BACKGROUND: Exercise-induced desaturation is a well-described phenomenon in COPD patients during exercise assessments such as the six minute walk test (6MWT). Some of the pathophysiological mechanisms involved in this O2 desaturation could be modified by individualized exercise training as part of a pulmonary rehabilitation programme. The aim of this study was to determine the effect of pulmonary rehabilitation on O2 desaturation exhibited by COPD patients during a 6MWT.

METHODS: Twenty COPD patients (FEV1=61.1 +/- 3.2% predicted) who exhibited O2 desaturation before rehabilitation (mean 7.3 +/- 0.7% with a mean duration of 5.3 +/- 0.1 min) participated. They performed four weeks of RP including individualized whole-body exercise training achieving a mean 9.3 +/- 0.27 hours per week of exercise tailored to their ventilatory threshold.

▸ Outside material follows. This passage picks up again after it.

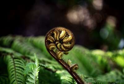 „Koru“, der sich gerade entrollende Wedel eines neuen Silberfarns in Neuseeland. Koru ist für die Maori, die Ureinwohner Neuseelands, Begriff und Symbol für neues Leben. Zu finden ist dieser Koru in diesem Stadium nur schwer, weil er verborgen unter dem Schutz der großen Farnblätter heranreift. Nicht nur die Schönheit dieses Koru und seine Symbolik berühren, sondern insbesondere die Tatsache, dass dieses neue Leben geschützt im Verborgenen heranwächst.
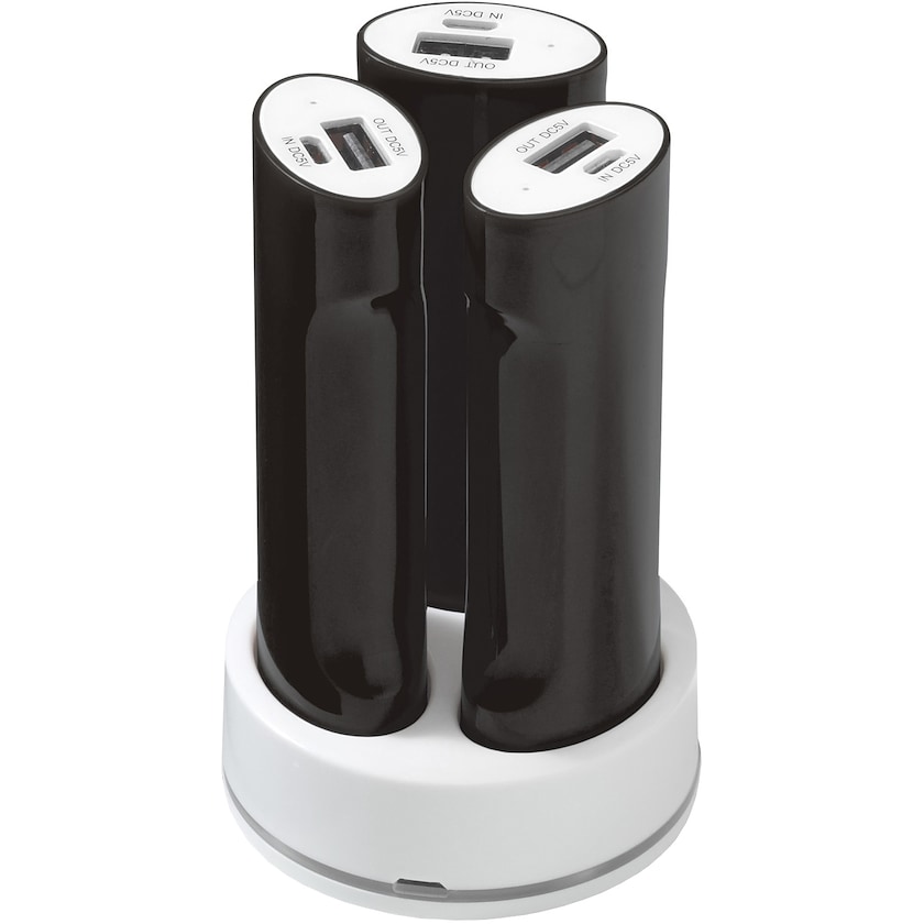 Kolmen virtapankin setti, jonka mukana toimitetaan latausasema. Virtaa koko perheelle! Mukana kaapeli latausasemaa varten. Jokaisen matkalaturin kapasiteetti on 2.200 mAh. Painatushinta koskee yhden virtapankin painatusta.

RESULTS: Dyspnoea at the end of the test, ventilatory threshold and FEV1 were retained as correlates of desaturation before rehabilitation. After rehabilitation, 6MWT distance increased (p<0.01) with reduced dyspnoea (p<0.05). Two sub-groups were identified: persistent desaturaters (DS, n=13) and non-desaturaters group (NDS, n=7). There were no baseline differences between the two groups. After rehabilitation only the persistent desaturaters showed a significant increase in distance achieved during 6MWT associated with a reduced dyspnea (p<0.05). This group showed a mean O2 desaturation equal to 8.1 +/- 0.9% which persisted to 5 +/- 0.3 min. A tendency to a lower dyspnoea at the end of 6MWT performed before rehabilitation was observed in NDS compared with DS (p<0.058).

CONCLUSION: It seems that responses to a pulmonary rehabilitation programme including individualized exercise training could act on O2 desaturation. Indeed 7 of 20 (35%) COPD patients exhibiting O2 desaturation during a 6MWT showed no O2 desaturation after rehabilitation programme while 13 on 20 (65%) do it.